The more interesting material in this episode mostly covers the way the present has changed. Josh and his work crush Jeri (Britt Lower) talk briefly about the fact that the ostensibly happy ending of Back To The Future also means that Marty would have to spend his entire life pretending to have been from the original reality, guessing at what actually did and didn’t happen in his life. This is a pretty funny premise, especially as Josh slowly learns what he has and has not changed. For example, his family got a gun and grew obsessed with self-defense after the 1969 break-in. Josh’s parents are still the peppy people they’ve always been, but they still have the gun, just in case. (Also, Lamar Price, one of the fraternity brothers from the last episode, has invented the iPhone.)

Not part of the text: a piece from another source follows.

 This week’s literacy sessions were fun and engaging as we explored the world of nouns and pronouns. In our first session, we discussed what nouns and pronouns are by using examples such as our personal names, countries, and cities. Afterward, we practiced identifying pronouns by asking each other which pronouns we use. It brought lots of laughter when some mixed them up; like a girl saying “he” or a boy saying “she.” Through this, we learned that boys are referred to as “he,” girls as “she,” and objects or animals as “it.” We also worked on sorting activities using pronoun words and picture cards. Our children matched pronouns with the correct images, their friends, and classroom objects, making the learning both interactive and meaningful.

And as they have been for most of the show so far, Tiger and Wolf are the funniest parts of the episode, sweetening the more standard genre far. An opening flashback shows their entire squad, each with a goofy animal name, getting ready for their mission to acquire the time travel device, where Tiger steps on a trip wire that activates a noxious gas, killing the entire squad. This riff on the pre-fight pump-up scene is good, but also provides some grounding for their incredibly gruff, serious dialogue later in the episode, especially Wolf’s. When they go into the Kronish focus group, Wilson’s straightforward delivery of “she’s smiling, but she has sad eyes” is excellent, and his glee at realizing that he was right about Kronish being at the top of the building rather in the basement is very, very funny.

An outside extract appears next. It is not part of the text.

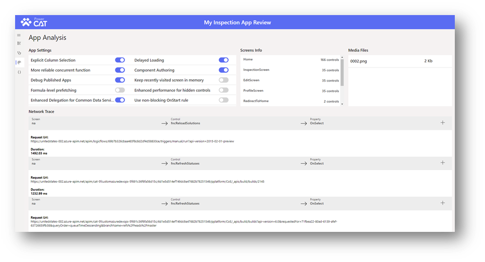 The app analysis section allows us to quickly check if certain important app setting flags are on. The flags have an impact on performance. The screen info section gives us a quick count of the number of controls used for each screen to ensure that it is below the recommended max of 300 control per screen. The media files sections list all medias embedded with the app as well as their size. Finally, the network trace section helps identify slow network requests within the app.

So far, Coupe and Wilson have done a very good job playing the unbelievably grim soldiers, letting them get away with scenes like the one where they “charge up” (have sex in Josh’s room while he watches). And it’s why it works so well when they peel back the face of Biotic to reveal their skin masks are just that—masks, covering human faces. Wolf closes out the episode with a joke that adds another layer of genre intrigue to the world of Future Man, which is exactly where this show should be living: “Biotics could be anybody. That’s what makes this so fucked up.”